Given data: Begin

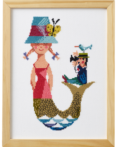 Pakningen indeholder: stof, nål, garn og diagram
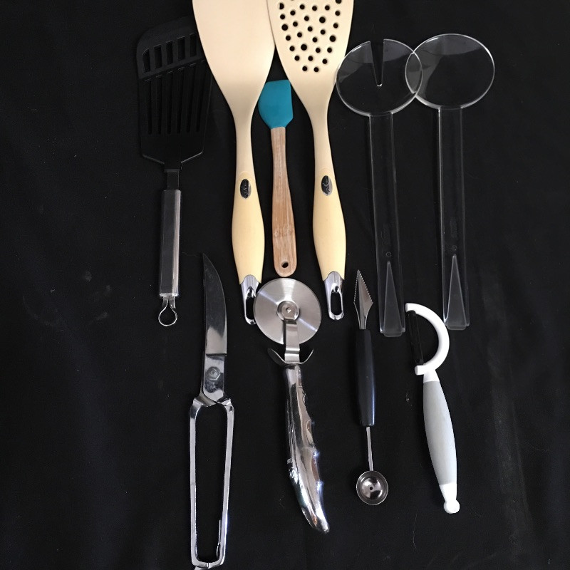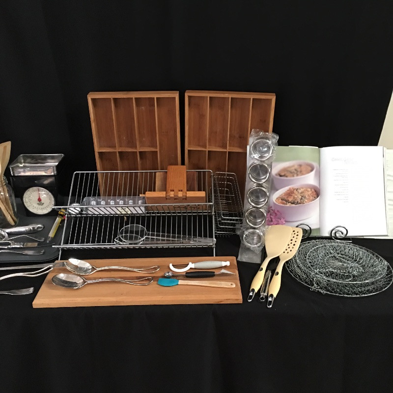 This large assortment of kitchen essentials will for sure have things you have been needing and things you never even knew you needed. Included in this lot is a folding drying rack, scale, salt shakers, cutting board, wooden utensils, recipe book, collapsible hanging baskets and much, much more.
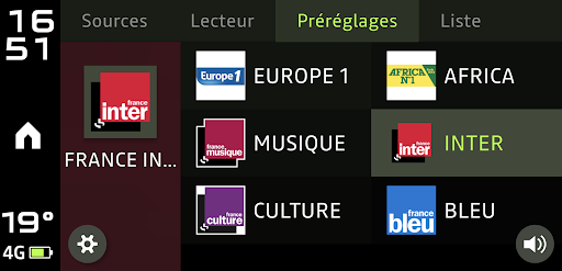 – Media: listen to the music you like amongst thousands of web radio stations, music on your phone, a USB flash drive or the vehicle radio.
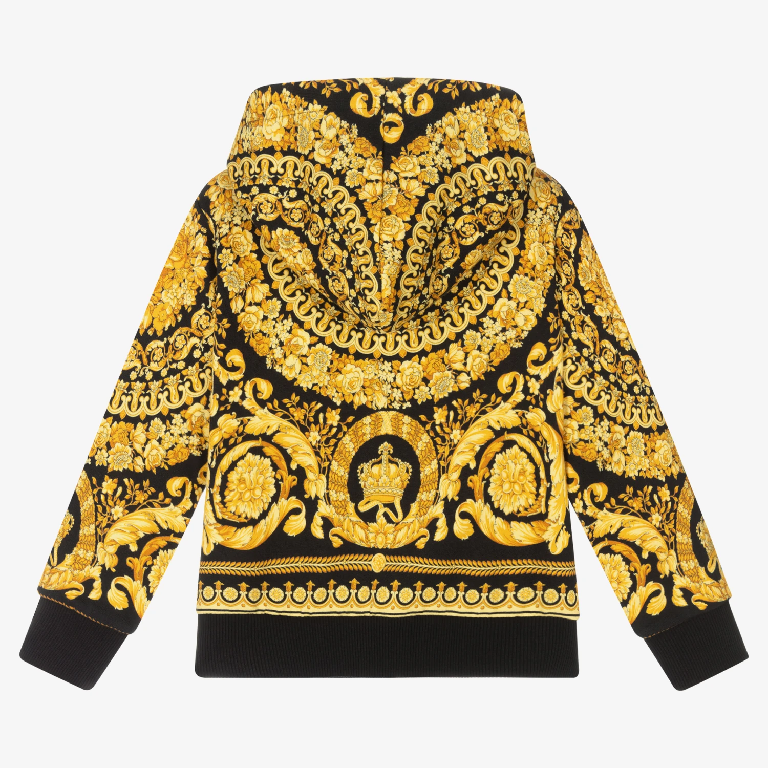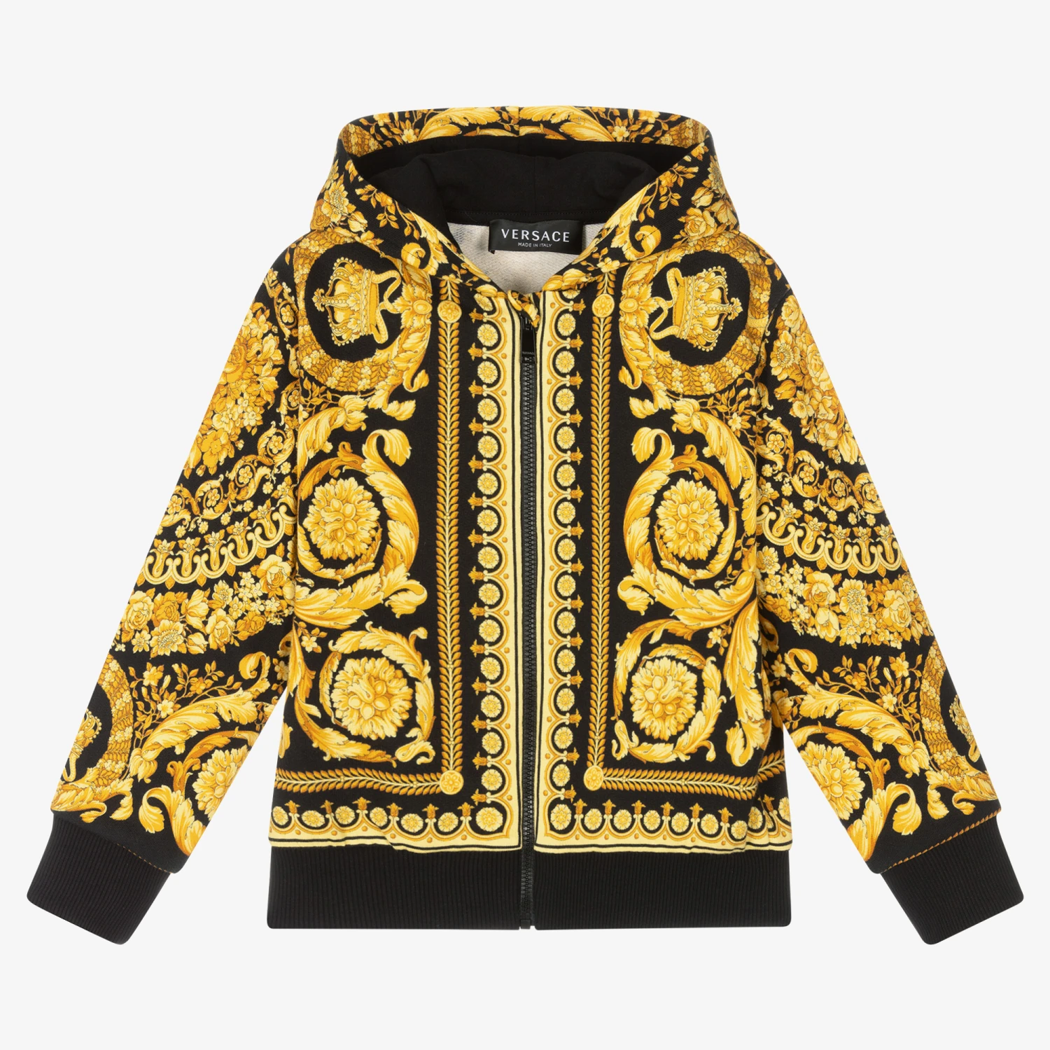 Boys and girls hooded zip-up top for boys by luxury Italian designer Versace, with the brand’s iconic Barocco print in black and gold. It is made in comfortable cotton jersey, with a chin guard on the front and ribbed trims for warmth. It has useful concealed side pockets and a logo embossed front zip fastening.
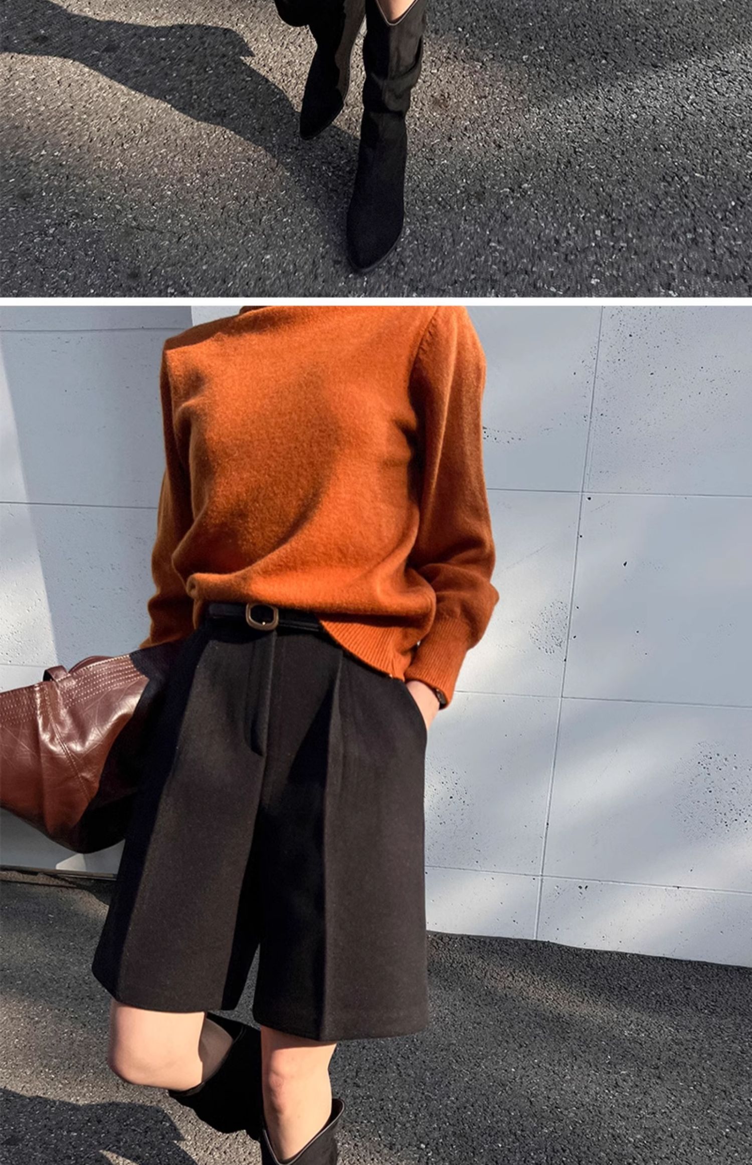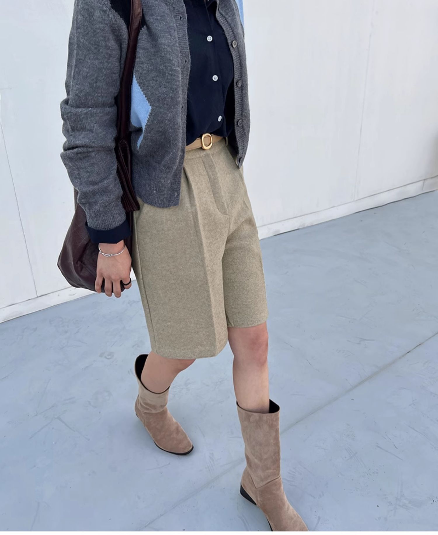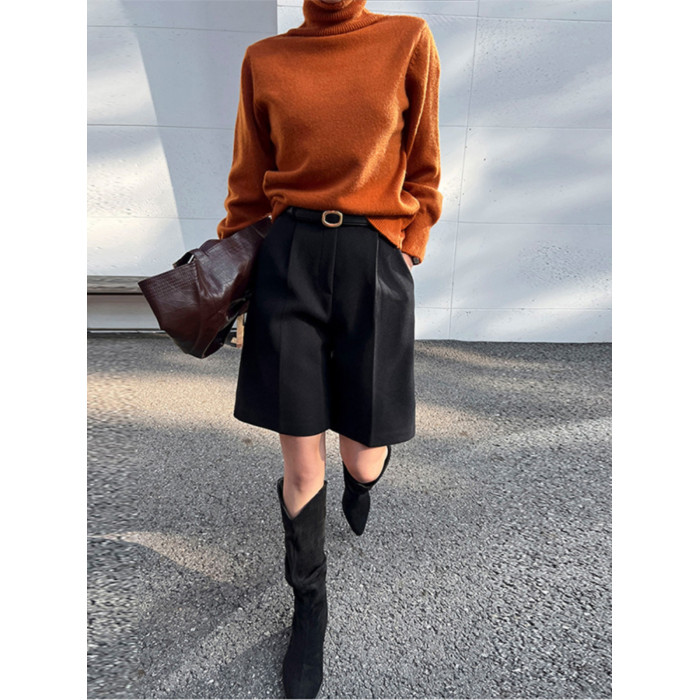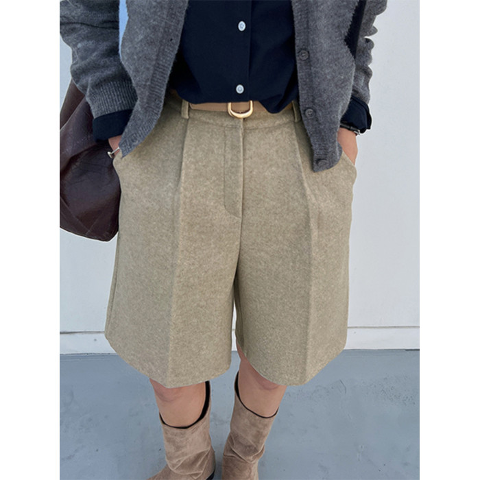 高腰西裝短褲女2025新款秋冬季外穿毛呢五分褲百搭加厚5分中褲子
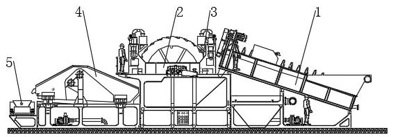 據(jù)了解,一種數(shù)字化洗砂回收工作站,包括依次串聯(lián)布置的螺旋洗砂機(jī)、輪式洗砂機(jī)、高頻震動脫水篩和皮帶秤,所述螺旋洗砂機(jī)傾斜放置,且螺旋洗砂機(jī)的末端出料口處于輪式洗砂機(jī)的入料口上方,所述輪式洗砂機(jī)的出料口處于高頻震動脫水篩入料口的上方,所述螺旋洗砂機(jī)和高頻震動脫水篩的下置水箱均通過渣漿泵連通設(shè)置有旋流器組,所述旋流器組的出砂口處于輪式洗砂機(jī)的水箱上方,本數(shù)字化洗砂回收工作站通過對螺桿進(jìn)行設(shè)計,模擬人工揉搓的方式,增加砂石表層雜質(zhì)去除率,且便于將砂石內(nèi)大顆粒進(jìn)行篩分,節(jié)約后續(xù)工序,而且實(shí)現(xiàn)數(shù)字化顯示,便于記錄和調(diào)整操作。

Given data: End

What to produce
Copy out exactly, with no pictures, the lines of the data from the first one through the line bearing "高腰西裝短褲女2025新款秋冬季外穿毛呢五分褲百搭加厚5分中褲子".

Solution
 Pakningen indeholder: stof, nål, garn og diagram
 This large assortment of kitchen essentials will for sure have things you have been needing and things you never even knew you needed. Included in this lot is a folding drying rack, scale, salt shakers, cutting board, wooden utensils, recipe book, collapsible hanging baskets and much, much more.
 – Media: listen to the music you like amongst thousands of web radio stations, music on your phone, a USB flash drive or the vehicle radio.
 Boys and girls hooded zip-up top for boys by luxury Italian designer Versace, with the brand’s iconic Barocco print in black and gold. It is made in comfortable cotton jersey, with a chin guard on the front and ribbed trims for warmth. It has useful concealed side pockets and a logo embossed front zip fastening.
 高腰西裝短褲女2025新款秋冬季外穿毛呢五分褲百搭加厚5分中褲子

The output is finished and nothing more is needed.